JSC-BIO-2710

Data Intensive Computing for Applied Bioinformatics

Table Of Contents

Previous topic

Syllabus Spring 2012

Next topic

Week One 17-Jan-12

This Page

Class Project Spring 2012

Metagenomes of Blue-Green Algae

Project Description

Students will determine the species composition of bacterial communities present in water samples taken from blue-green algae blooms in Lake Champlain and other north east lakes. Data will be provided in the form of DNA sequences from these samples. Using the skills learned in class, students will transfer the data sets to remote compute clusters, run DNA sequence analyses on these data sets and summarize the results using computer programs written for this task.

Project Goals

Samples from two time points will be used for the project. Each time point consists of three replicates taken at the same location, at the same time, and processed identically. The first time pooint is from Yawgoo Pond, RI, the secnd from Lake Champlain near Highgate Springs, VT. Students should devise their own questions about these samples based on the skills learned in class. A simple question might be: “Are the three replicates from each time point very similar to each other?”.

Your question should involve running BLAST on all of the sample sequence files at least once.

Project Files::

All files are located on lonestar.tacc.teragrid.org in:

/work/00921/tg801771/JSCBIO2710/Class_Project

There are three sets of fasta files for each location/time point (six total) and a mapping file giving details about each sample.

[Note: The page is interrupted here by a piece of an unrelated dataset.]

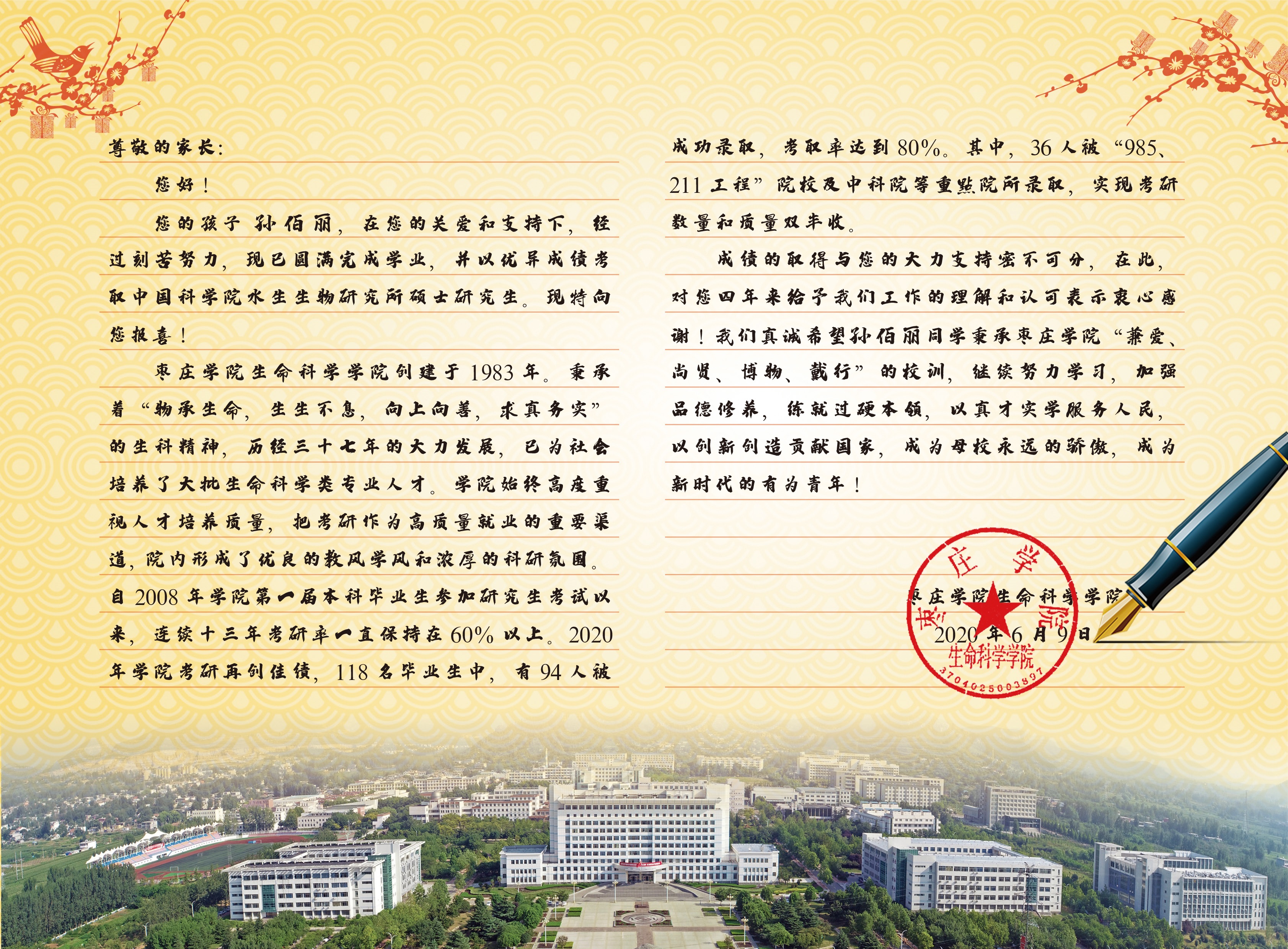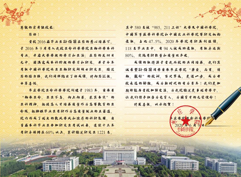 从2008年起,每年给学生家长邮寄“考研喜报”已经成为生科院的传统,今年,在“考研喜报”的基础上,又增加了“生源学校校长喜报”。一封薄薄的喜报,传递的是一份浓浓的祝愿,旨在向学生家长和生源学校表示祝贺,共同分享学生成长过程中的收获与喜悦,对他们在PA官网人才培养过程中给予的支持表达感谢,同时鼓励更多的生科学子在今后的学习和生活中积极进取,为母校争光。同时,寄发喜报有利于扩大学校和学院在省内外生源学校的知名度,增强学校办学软实力和品牌效应。

Files starting with 59 are from Lake Champlain. Files starting with R8 are from RI.

5989.fa

5990.fa

5991.fa

R84Y1.fa

R84Y2.fa

R84Y3.fa

mappingFile.txt

Turn In

  • Job Scripts
  • Job Run Output
  • Python Programs
  • BLAST results
  • Results of Analysis
  • Description of Workflow
  • Final Summary

Create a directory called $WORK/Class_Project_Final on lonestar. Put all files that you will turn in into this directory.

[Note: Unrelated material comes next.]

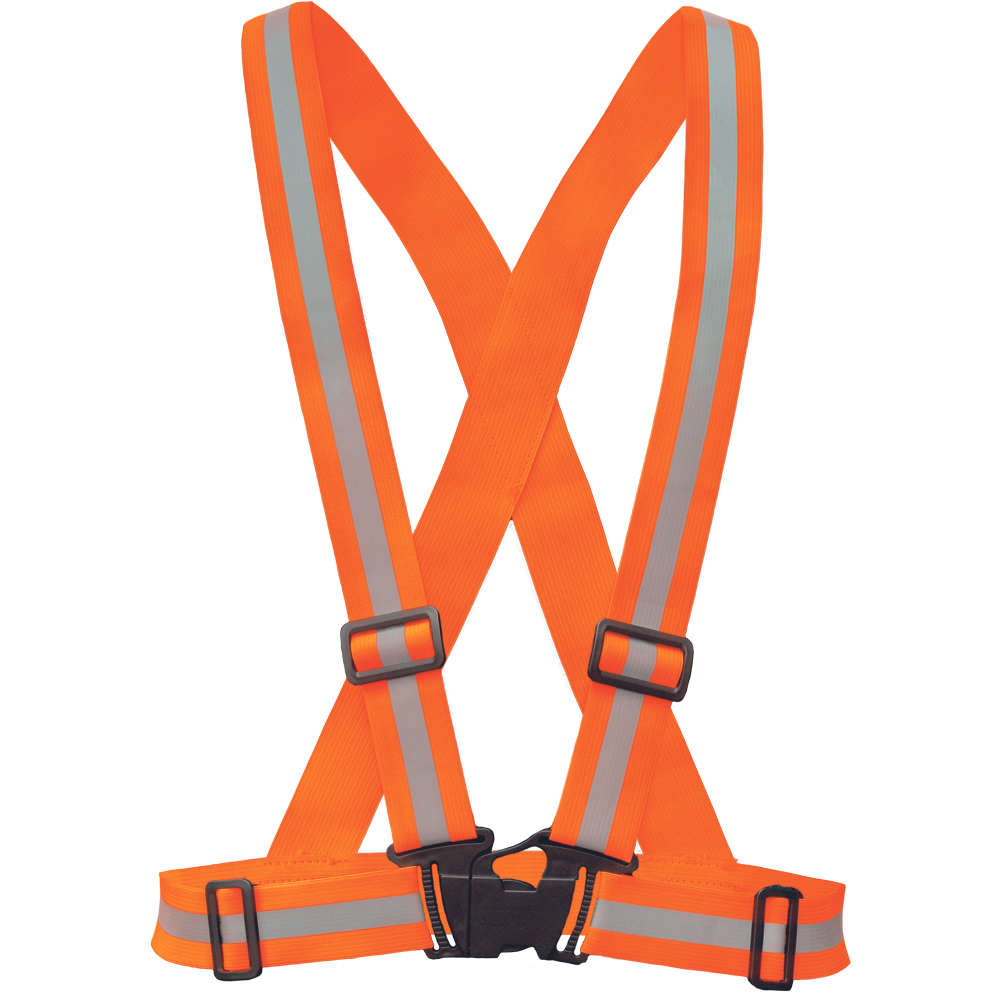 elastický reflexní kříž; šířka popruhů 4 cm; šířka reflexního pásku 1,5 cm; nastavitelná délka přes ramena a obvod pasu (max. 160 cm); přední zapínání plastovou přezkou; EN 13356: 2001 - viditelné doplňky pro neprofesionální použití; zabaleno v plastovém sáčku s Euro otvorem na zavěšení.

Change the permission on that directory and everything in it after you have place all files there:

chmod -R ug+rw $WORK/Class_Project_Final

The final summary should describe the question(s) you sought to answer, your approach to the problem, a description of the workflow or process used and the results that you found. This summary should not be more than two pages. It should not include detailed source code or job scripts.